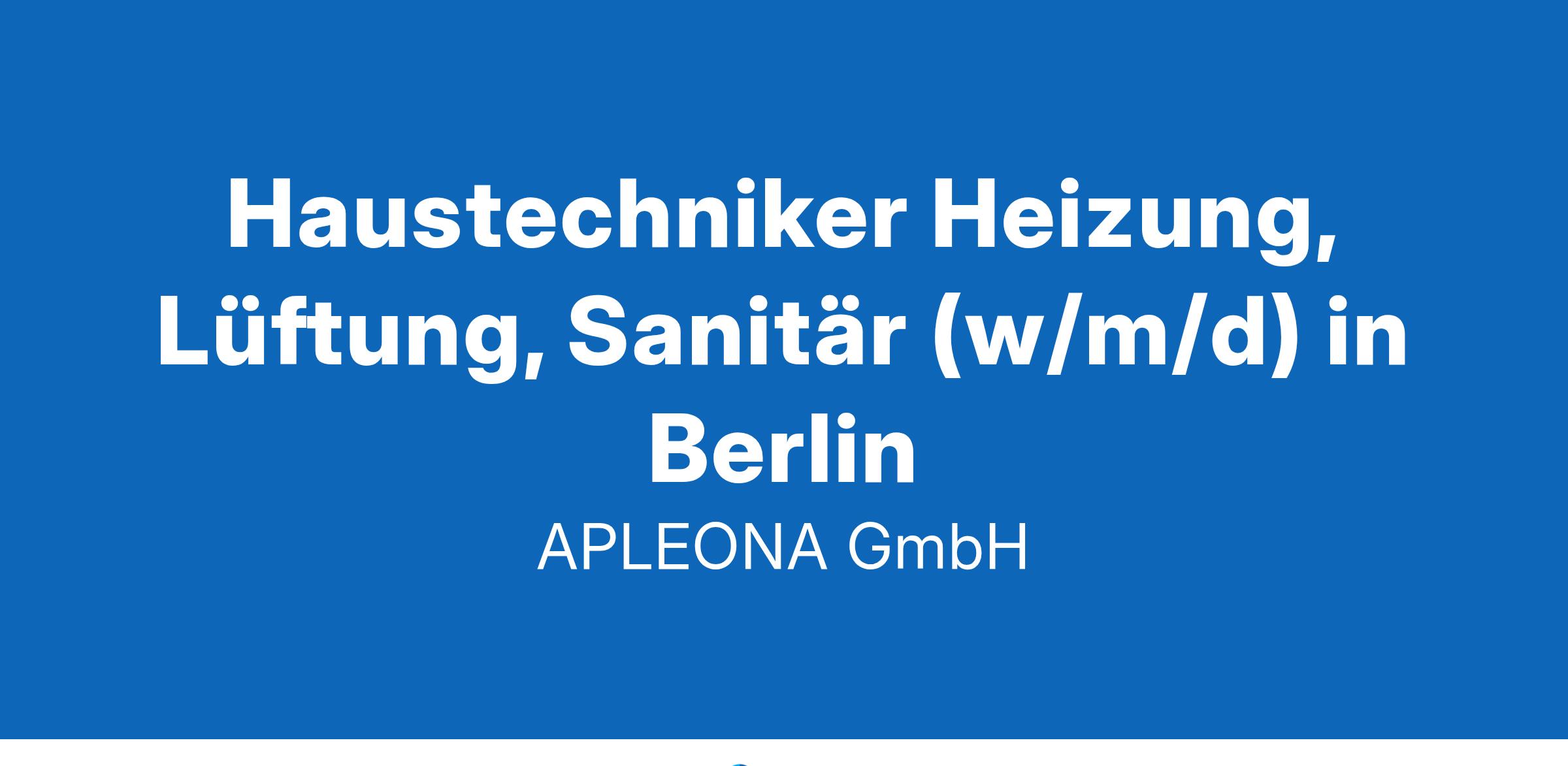Wir sind APLEONA – Wir realisieren Potential. Mit unseren nun über 40.000 Mitarbeitenden in über 30 Ländern gehören wir zu den führenden Dienstleistern im Gebäudemanagement. Mit dem Betrieb und Ausbau von Immobilien, der Wartung von Anlagen und integrierten Facility Services, wie z.B. der Reinigung, der Grünpflege und der Sicherheitsdienste, erleichtern wir täglich das Leben Tausender Menschen. Jobs mit Sinn und Herz, mit welchen Sie Ihr Potential entfalten können. Berlin ab sofort Stellen-ID: 017136 Als **Haustechniker (w/m/d) für Heizung, Lüftung und Sanitär** sind Sie dafür verantwortlich, dass ein festes Gebäude optimal betreut wird. Sie tragen durch Ihre Arbeit dazu bei, den Gebäudebetrieb reibungslos und effizient zu gestalten. **Das machen Sie bei uns:** * Betrieb und Instandhaltung der technischen Gebäudesysteme in den Bereichen Heizung, Lüftung und Sanitär * Störungsbedingte Instandsetzung und Durchführung von Kleinreparaturen * Gewerkeübergreifende Betreuung von versorgungstechnischen Anlagen * Führen und Pflegen von Fehler-, Prüf-, Wartungs- und Inspektionsberichten * Koordination von Fremdfirmen bei Wartungs- und Reparaturarbeiten **Das wünschen wir uns von Ihnen:** * Eine abgeschlossene Berufsausbildung in den Bereichen Heizungs-, Sanitär-, Klima- und Lüftungstechnik, Gas- und Wasserinstallation oder eine vergleichbare Qualifikation * Erste Erfahrungen im technischen Gebäudemanagement / Facility Management wünschenswert * Gewerkeübergreifende Fachkenntnisse wünschenswert * Eine kundenorientierte Denkweise und eigenverantwortliches Arbeiten **Darauf können Sie sich freuen:** * Ein unbefristeter Vollzeitvertrag mit einer 40-Stunden-Woche * 30 Tage Urlaub sowie arbeitsfreie Tage an Weihnachten und Silvester * Ein vertraglich festgelegtes Weihnachtsgeld * Feste Zuständigkeit für ein Gebäude, um kontinuierlich Verbesserungen zu erzielen * Ein hauseigener APLEONA-Tarifvertrag (IG BAU) * Betriebliche Altersvorsorge zur finanziellen Absicherung Ihrer Zukunft * Ein umfassendes Onboarding-Programm für einen erfolgreichen Einstieg * Sonderkonditionen für Produkte und Dienstleistungen (inkl. Gympass und Corporate Benefits) sowie Prämien für Mitarbeiterempfehlungen * APLEONA-Weiterbildungsprogramme für Ihre fachliche und persönliche Entwicklung * JobRad-Leasing für Ihre Mobilität und Fitness
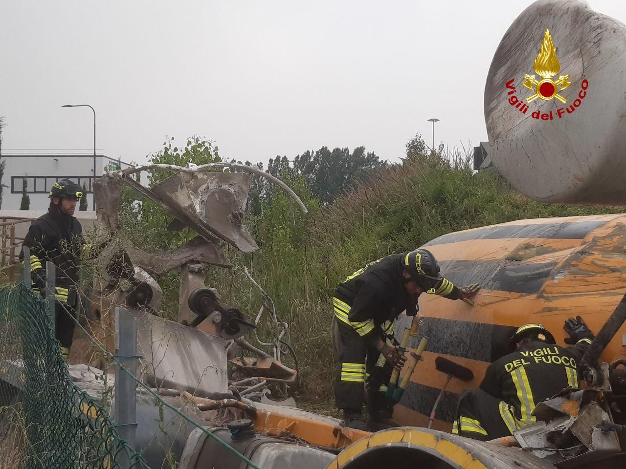 La squadra ho operato per mettere in sicurezza una betoniera uscita di strada, contenendo la fuoriuscita di carburante. Non risultano altri mezzi coinvolti.
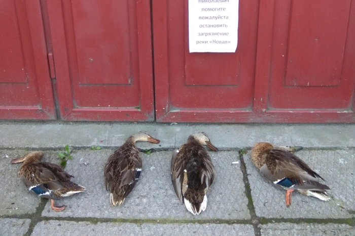 Перед входом в приемную депутата Закса Сергея Никешина на проспекте Ветеранов, 78 положили тела четырех мертвых уток. На двери авторы акции повесили записку с просьбой помочь остановить загрязнение реки Новой.
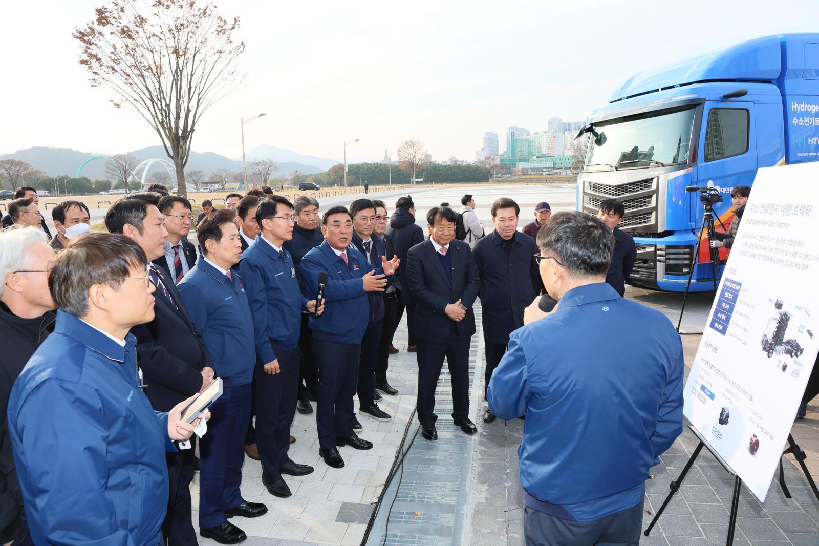 2일 오후 울산 태화강국가정원 남구 둔치에서 열린 ‘전국 최초 탄소배출 없는 수소전기 트랙터 화물운송 실증 차량 인도식’에서 김두겸 울산시장과 현대자동차·울산테크노파크·울산도시공사·CJ대한통운·현대글로비스·롯데글로벌로지스 등 7개 기관·기업 관계자들이 수소전기 트랙터 성능 설명을 듣고 있다. 울산시 제공
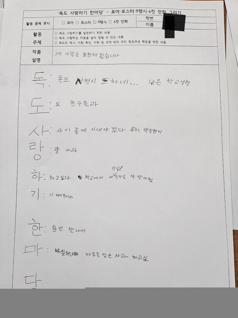 흔한 고1 옵붕이의 독도사랑 N행시;;
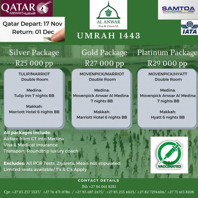 Disclaimer: Kindly check and confirm details with operators before booking. Package Information has been uploaded onto our website as received, and may have changed. Hotel Information has been sourced from websites like Google Maps, Wikimapia and Hotels.com. If any of the information is incorrect, kindly let us know via email: info@hajjumrahinfo.co.za - Shukran
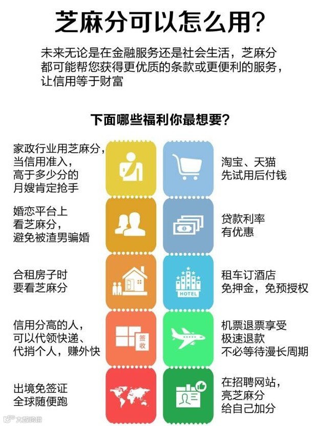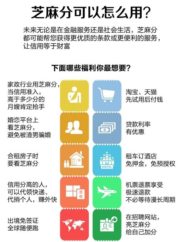 据透露,公测期间芝麻信用已经跟租车、租房、婚恋、签证等多个领域的合作伙伴谈定了合作,并将很快试验性地对外提供服务。这意味着当你的芝麻分达到一定数值,租车、住酒店时可以不用再交押金,网购时可以先试后买,办理签证时不用再辗转腾挪办存款证明,贷款时可以更快得到批复、拿到比别人低的利率等。
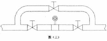 5.被測(cè)介質(zhì)是嚴(yán)重污濁液體過(guò)容易在管道結(jié)垢的液體,可以在安裝傳感器的測(cè)量管道上加一個(gè)旁通管,以便于拆卸清洗。如圖三所示。
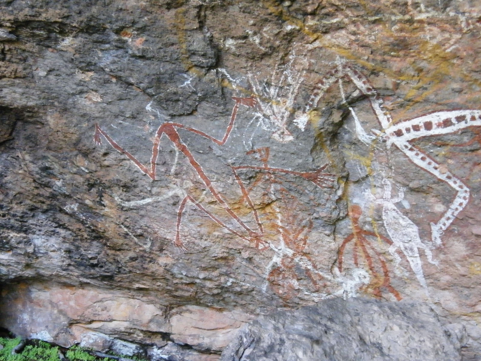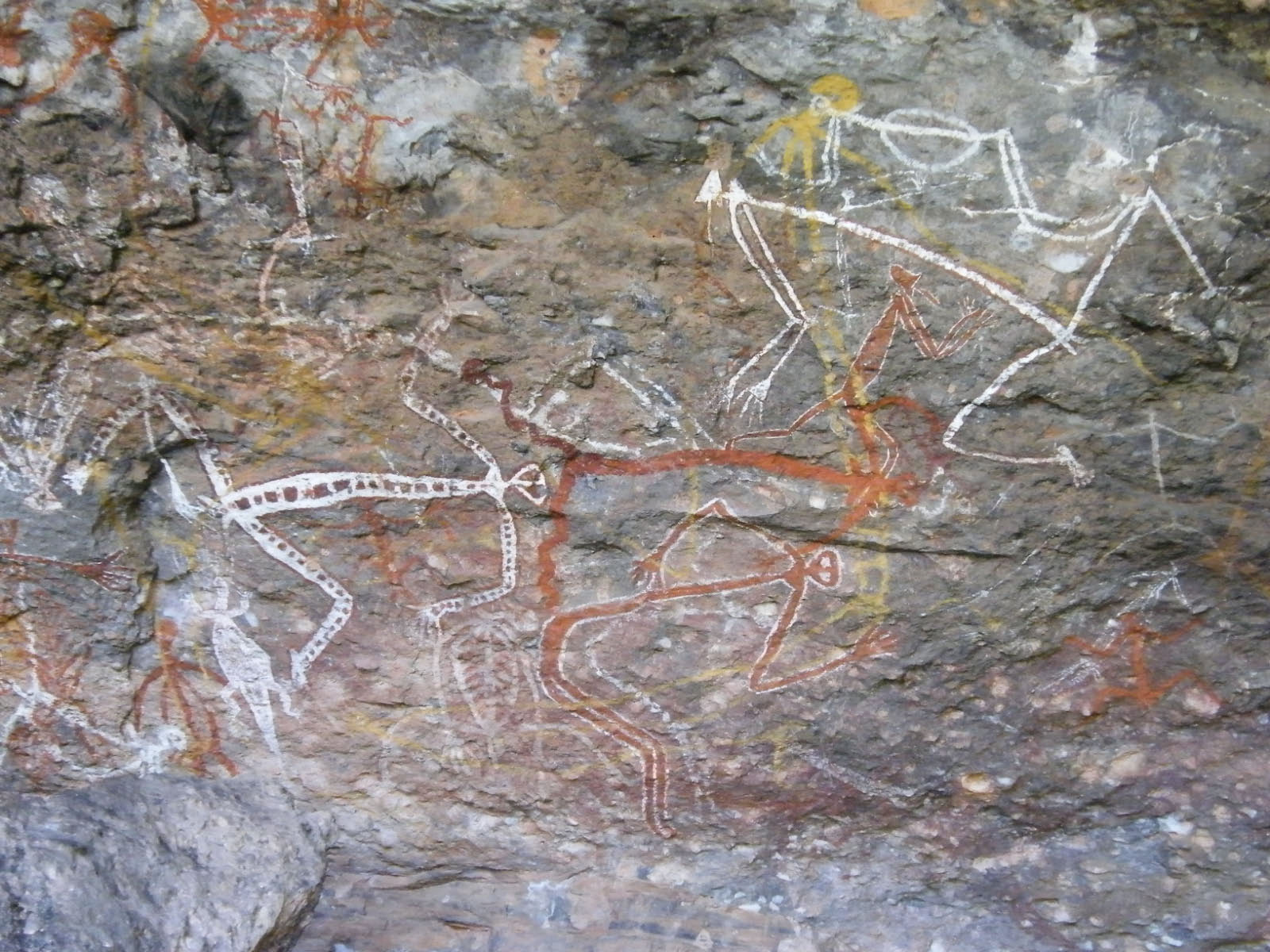 Les Aborigènes font partie de la même souche de peuplement que les Papou de Nouvelle Guinée. Les très nombreuses langues et dialectes des uns et des autres font partie du groupe des langues Papou. Ces groupes refluent vers le centre des terres où ils développent des cultures et des langues très différenciées (qu’ils soient papoues ou aborigènes) et où naquis un art rupestre singulier ( particulièrement en Australie).
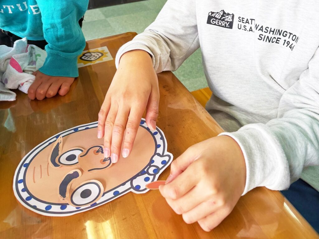 おかめ・ひょっとこの顔のパーツを自分たちで丁寧にカット✂️
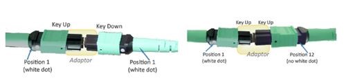 Es gibt zwei Arten von MTP/MPO-Adaptern, die hauptsächlich auf der Position der Schlüsseltaste basieren: Schlüssel nach oben - Schlüssel nach unten und Schlüssel nach oben - Schlüssel nach oben. Wenn Sie zwei MTP/MPO-Steckverbinder verbinden möchten, ist es wichtig, den richtigen Adapter auszuwählen. Dadurch wird die richtige Ausrichtung beider Enden durch den Bereich der Schlüsseltaste sichergestellt. Die folgende Abbildung zeigt die korrekte Verbindung von zwei MTP/MPO-Steckverbindern im Adapter.
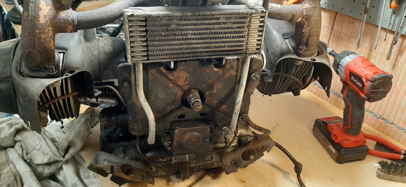 C'est donc une Méhari de 1973. Donc démontage de l'ensemble moteur/boite, qui avait grand besoin de nettoyage, pour commencer! Parce qu'il y'avait pas mal de monde dans tout ça, entre le sable (vis en bord d'ocean), insecte, paille, et plein d'huile pour tout coller! Donc j'ai attaqué le nettoyage, après avoir tout démonté. Moteur plutôt sain, mais les chemise marqué et fatigué.
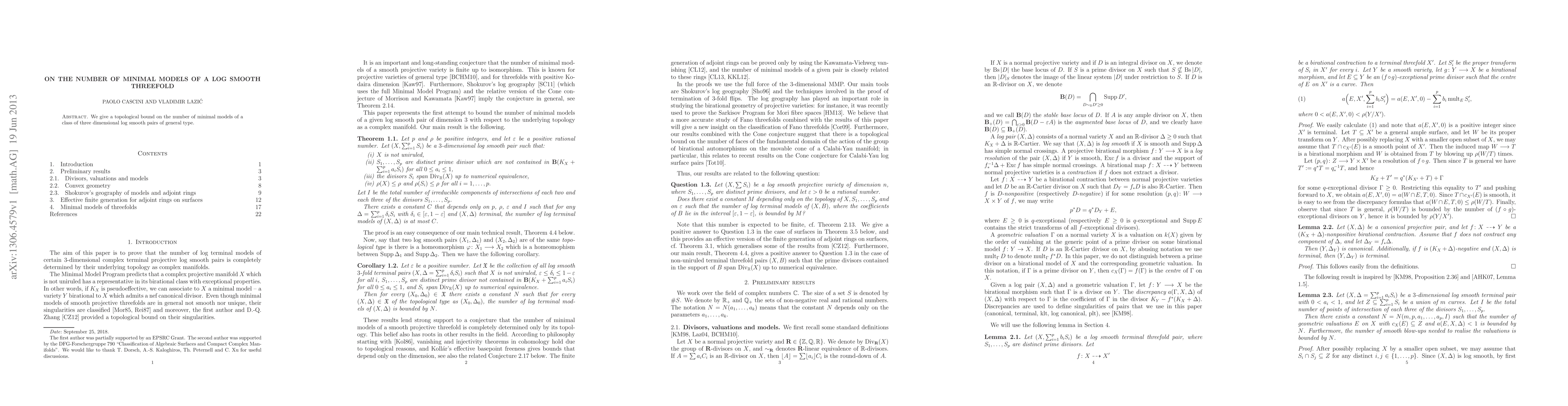 This paper provides a topological bound on the number of minimal models for a specific class of three-dimensional log smooth pairs of general type, contributing to the understanding of their geometric properties. The findings offer insight into the structure and diversity of minimal models within this category.
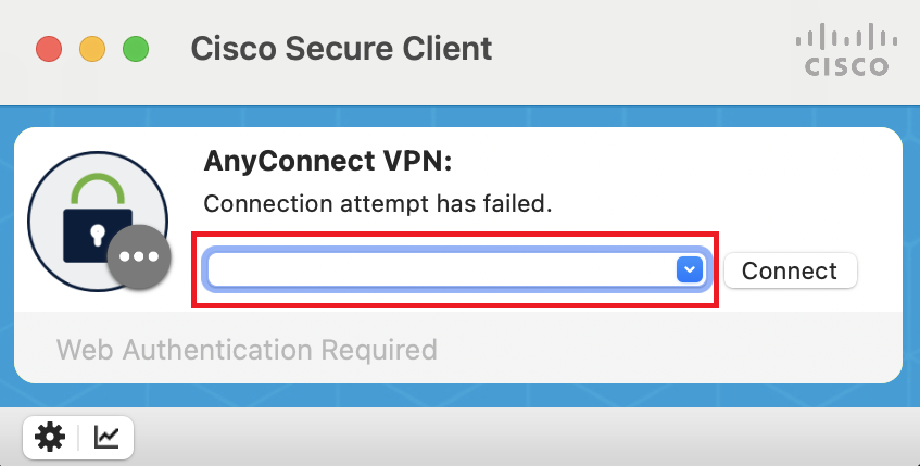 - Step 6 – Nu er programmet installeret og du har fået givet de korrekte rettigheder til programmet. Første gang du åbner for klienten og du skal forbinde til programmet der vil du se en tom linje på klienten. Du har fået en fil med i mappen som du hentede på linket i første step. Den fil der hedder VPN har den linje du skal indtaste og så trykker du “Connect”
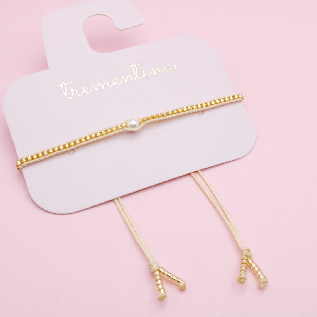 Esta pulsera tejida combina mostacillas en tonos Dorado y una perla central que aporta equilibrio y elegancia. Es sutil, femenina y perfecta para usar todos los días.
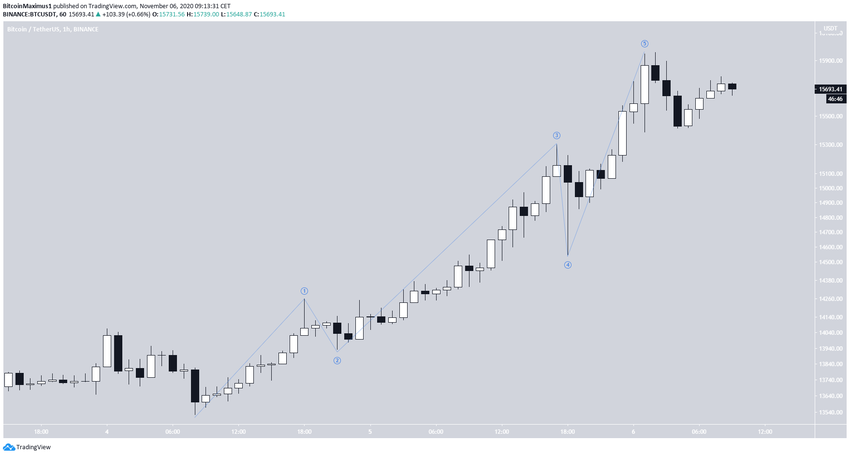 Курс биткоина сформировал на дневном графике свечу бычьего поглощения, отметив максимум на $15 570 и укрепившись внутри дня на 10%.
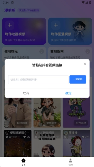 3、选择抖音视频链接提取功能进入,接着粘贴音视频链接,点击确定按钮,再按照提示完成制作操作。
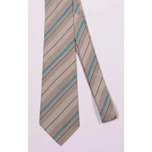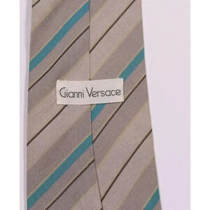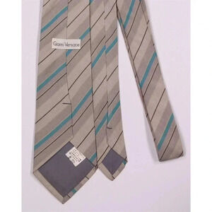 Gianni Versace Vintage 1980's Beige/Aqua Striped Silk-Linen Necktie Tie
┄┄┄┄┄┄┄┄┄┄┄┄┄┄┄┄┄┄┄┄
> WORK TASK
Nothing except the lines from the one containing "This paper provides" through the one containing "Курс биткоина сформировал" should appear in the answer, exactly as above and without pictures.

> SOLUTION TO THE PROBLEM
 This paper provides a topological bound on the number of minimal models for a specific class of three-dimensional log smooth pairs of general type, contributing to the understanding of their geometric properties. The findings offer insight into the structure and diversity of minimal models within this category.
 - Step 6 – Nu er programmet installeret og du har fået givet de korrekte rettigheder til programmet. Første gang du åbner for klienten og du skal forbinde til programmet der vil du se en tom linje på klienten. Du har fået en fil med i mappen som du hentede på linket i første step. Den fil der hedder VPN har den linje du skal indtaste og så trykker du “Connect”
 Esta pulsera tejida combina mostacillas en tonos Dorado y una perla central que aporta equilibrio y elegancia. Es sutil, femenina y perfecta para usar todos los días.
 Курс биткоина сформировал на дневном графике свечу бычьего поглощения, отметив максимум на $15 570 и укрепившись внутри дня на 10%.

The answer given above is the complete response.